Other
Fast Most Similar Neighbor (MSN) classifiers for Mixed Data
Fecha
2010-09-30Registro en:
Revista Computación y Sistemas; Vol. 14 No.1
1405-5546
Autor
Hernández Rodríguez, Selene
Institución
Resumen
Abstract. The k nearest neighbor (k-NN) classifier has been extensively used in Pattern Recognition because of its simplicity and its good performance. However, in large datasets applications, the exhaustive k-NN classifier becomes impractical. Therefore, many fast k-NN classifiers have been developed; most of them rely on metric properties (usually the triangle inequality) to reduce the number of prototype comparisons. Hence, the existing fast k-NN classifiers are applicable only when the comparison function is a metric (commonly for numerical data).

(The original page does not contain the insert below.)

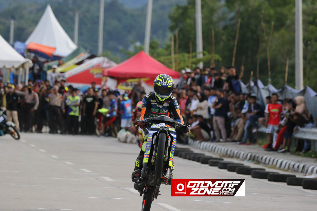 OtomotifZone.com-Mamuju, Sulbar. Pembalap berwajah imut asal Palu Sulawesi Tengah Ahmad Doddy meraih gelar juara umum kelas 2 Tak lover diajang Kejurda AIM Balap Motor Kapolresta Cup 2019 putaran 3 Mamuju garapan Q Racing Product.

However, in some sciences such as Medicine, Geology, Sociology, etc., the prototypes are usually described by qualitative and quantitative features (mixed data). In these cases, the comparison function does not necessarily satisfy metric properties. For this reason, it is important to develop fast k most similar neighbor (k-MSN) classifiers for mixed data, which use non metric comparisons functions. In this thesis, four fast k-MSN classifiers, following the most successful approaches, are proposed. The experiments over different datasets show that the proposed classifiers significantly reduce the number of prototype comparisons.